IN THE FALL of 1942, thousands of young American men descended onto a peaceful corner of northwestern Tennessee, where green fields and forests had given way to a sprawling new army base.

There at Camp Tyson, the men were met with a puzzling sight: oblong balloons bigger than buses floating high in the sky. Were they manned blimps? Moving closer, they saw no signs of cockpits, only wires anchoring the inflatables to the earth.

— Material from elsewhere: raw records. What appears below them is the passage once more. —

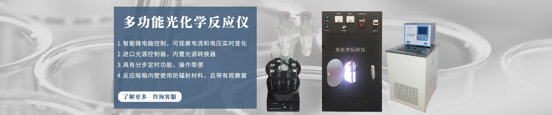 ????多試管光化學反應儀,多功能光化學反應儀,大容量光化學反應儀等六種型號。
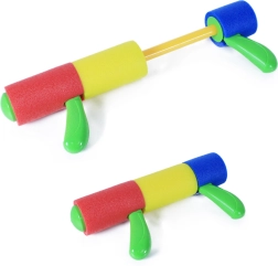 Materialele moi din spumă permit absorbția ușoară a apei și stropirea țintelor. Pistola cu apă este disponibilă în culori variate, ceea ce adaugă aspectului atractiv al jucăriei. Datorită mecanismului de pompare simplu, este ușor de folosit chiar și de către copiii mai mici.
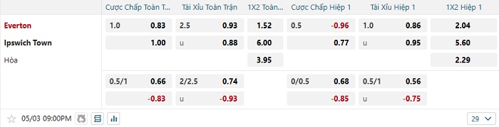 Tip kèo Châu Á hiệp 1 Everton vs Ipswich
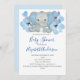 Convites Blue Baby Boy Elephant Chá de fraldas Flowon

Tyson was America’s first base built for the purpose of training soldiers to fly barrage balloons, the army’s newest defensive weapon. These unmanned gasbags, piloted by a team on the ground, were destined to hover in large numbers over strategic sites, particularly West Coast defense plants and shipyards, creating dangerous obstacles for low-flying enemy aircraft. Similar balloons were already in use over Britain, Germany, Japan, and the Soviet Union. Hundreds floated above London alone, protecting Big Ben, White Hall, the Tower Bridge and other key sites from dive bombers. Each trailed thin steel cables strong enough to shear the wings off an enemy plane. But even without such collisions, the mere presence of barrage balloons was expected to force attacking aircraft to reduce their speed, leading to stalls and even crashes. Britain’s tethered blimps also packed a secret and deadly punch: many were armed with small bombs that could blot planes from the sky.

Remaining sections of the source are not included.